Chullikkad is also an actor in Malayalam films and serials. As an actor, he is best known for G. Aravindan's Pokkuveyil (1981) in which he played a young artist who lives with his father, a radical friend and a music-loving young woman. The film is about how his world collapses when his father dies, the radical friend leaves him and her family takes the woman away to another city.

In 2018, he criticised the state education department for their incompetency in teaching Malayalam language. He urged it to remove his poems from curricula in schools, colleges and universities. Chullikkadu alleged that marks were being given in abundance for papers containing mistakes without proper evaluation, and the appointment of Malayalam teachers are not on the basis of qualifications, but caste, religion, political influence and nepotism.
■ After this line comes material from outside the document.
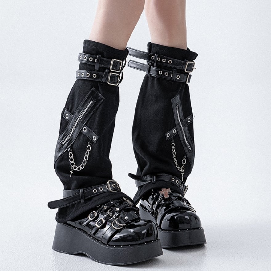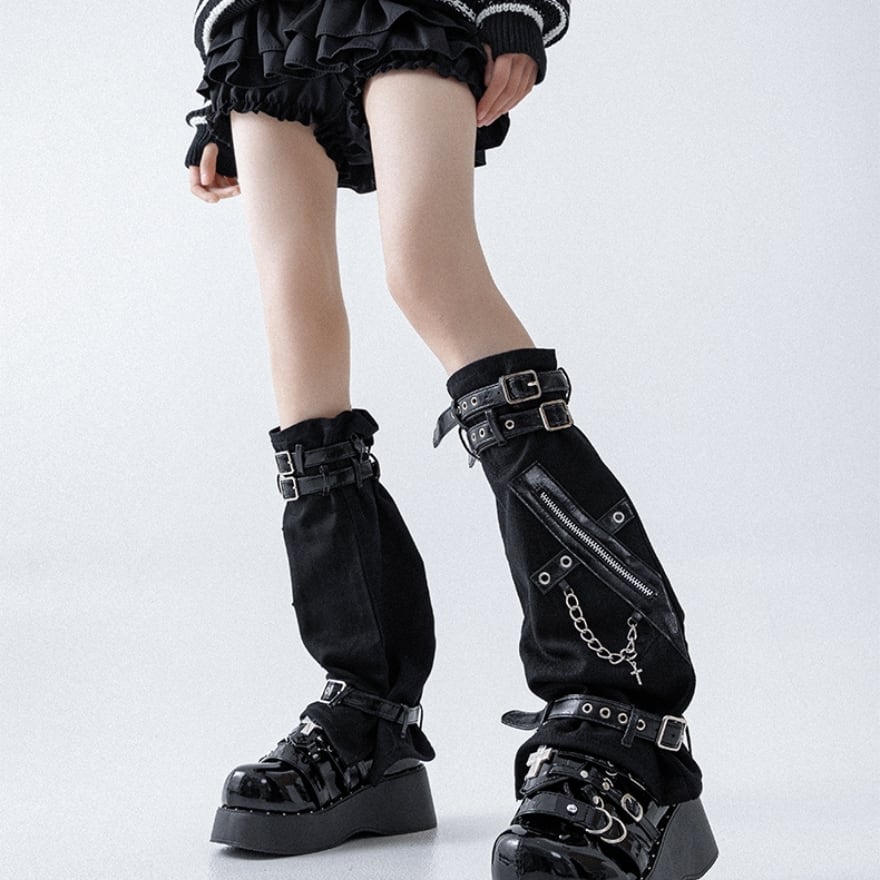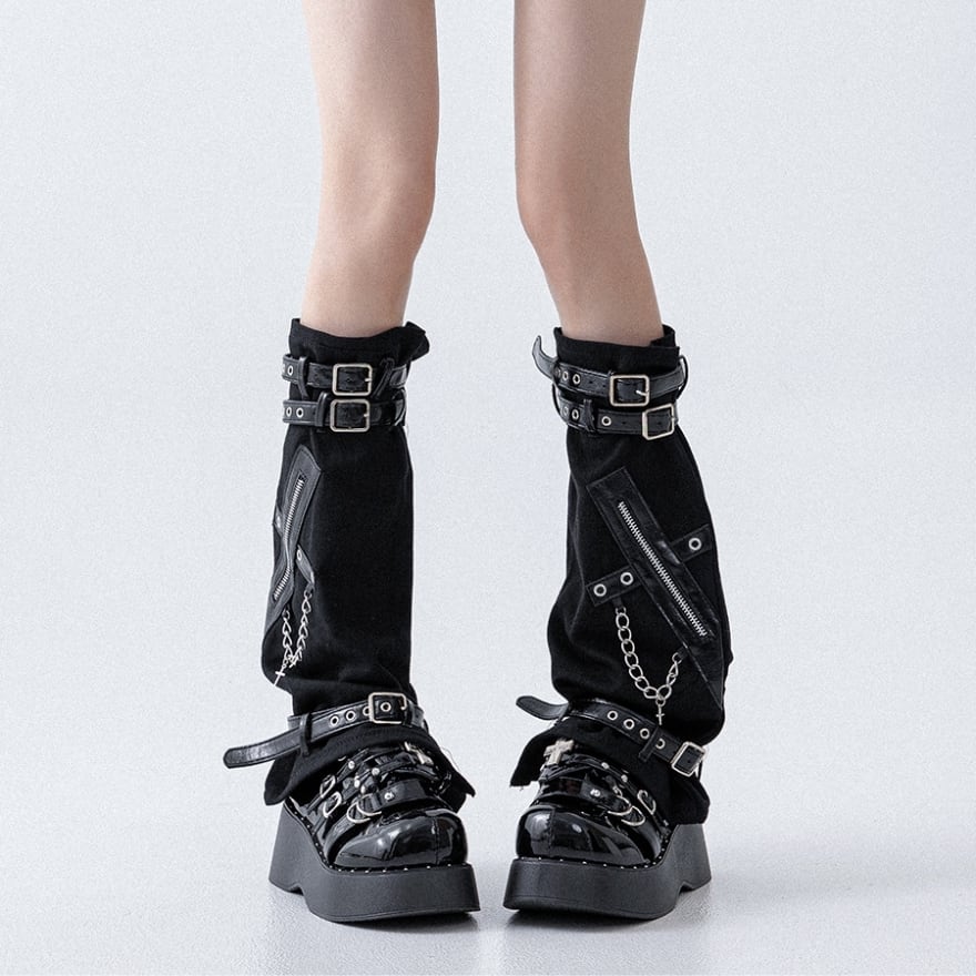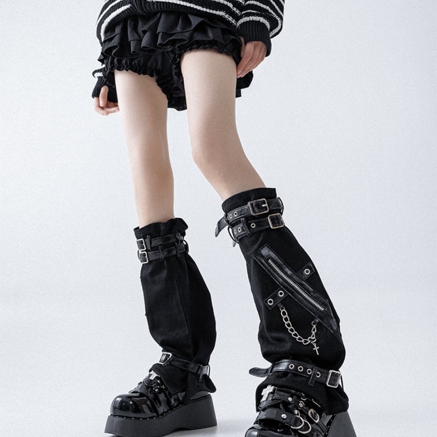 鉄鎖の境界線レッグウォーマー|多重バックルベルト&メタルチェーン付 ジッパー装飾

He said research work on Malayalam literature lack quality and that doctoral degrees were conferred on even those works which contain mistakes.

Personal life
Chullikkad is married to Vijayalakshmi, a known Malayalam poet and they have a son named Appu.
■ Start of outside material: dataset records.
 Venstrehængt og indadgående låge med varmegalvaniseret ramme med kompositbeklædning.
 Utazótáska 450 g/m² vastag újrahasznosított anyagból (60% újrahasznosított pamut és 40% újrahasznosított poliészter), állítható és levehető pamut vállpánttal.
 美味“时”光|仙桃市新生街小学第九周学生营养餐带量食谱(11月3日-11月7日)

In 2000, he took Buddhism as his religion. He says that this cannot be called a conversion from Hinduism because he was never a follower of that religion. "I have not converted because I have not been a believer though I was a Hindu. I have now embraced Buddhism, not converted to Buddhism. The problem with Hinduism is that it is a religion of social status and set-ups. Your value in Hinduism depends on the family in which you were born," he says.

Political views
In a 2000 interview, Chullikkadu revealed that he was a sympathizer of the Naxalite movement during his teenage years. He then continued as a Marxist for some years. But after the fall of the Soviet Union and "the Eastern European experience", he rethought his conviction about Marxism and reorganised his intellectual life on a different path. "I found that Marxism is outdated and irrelevant. Now I am not a Marxist, but a social and political democrat. Soviet experience proved that individual freedom without the base of socialism and socialism without sanctioning individual freedom is a failure. Communism practised all over the world is some kind of socialism without sanctioning individual freedom. Communism without approving individual freedom is social fascism", he said.

Awards
In 1990, he refused the Sanskriti Award for the best young writer in India and declared that he would not accept any award for his literary works. In 2001, his work Balachandran Chullikkadinte Kavithakal was selected for the Kerala Sahitya Akademi Award for Poetry, but Chullikkadu did not accept the award. In 2003, he received the National Film Award for Best Non-Feature Film Narration / Voice Over (Non Feature Film Category) for The 18 Elephants – 3 Monologues.

Bibliography

Poetry
 Pathinettu Kavithakal (Trichur: Rasana, 1980)
 Amavasi (Kottayam: S.P.C.S., 1982)
 Ghazal (Kottayam: DC Books, 1987)
 Ente Sachidanandan Kavithakal (Calicut: Bodhi, 1993)
 Manasantharam (Trichur: Current, 1994)
 Dracula (Kottayam: DC Books, 1998)
 Balachandran Chullikkadinte Kavithakal (Kottayam: DC Books, 2000)
 Prathinayakan (Kottayam: DC Books, 2013)
 Balachandran Chullikkadinte Kavitha Paribhashakal (Kottayam: DC Books, 2013)
 Rakthakinnaram (Kottayam: DC Books, 2017)
 Alakal (Calicut: Mathrubhumi, 2021)

Others
 Chidambarasmarana (Alwaye: Pen, 1998, memoirs)
 Hiranyam (Kottayam: DC Books, 2019, short novel)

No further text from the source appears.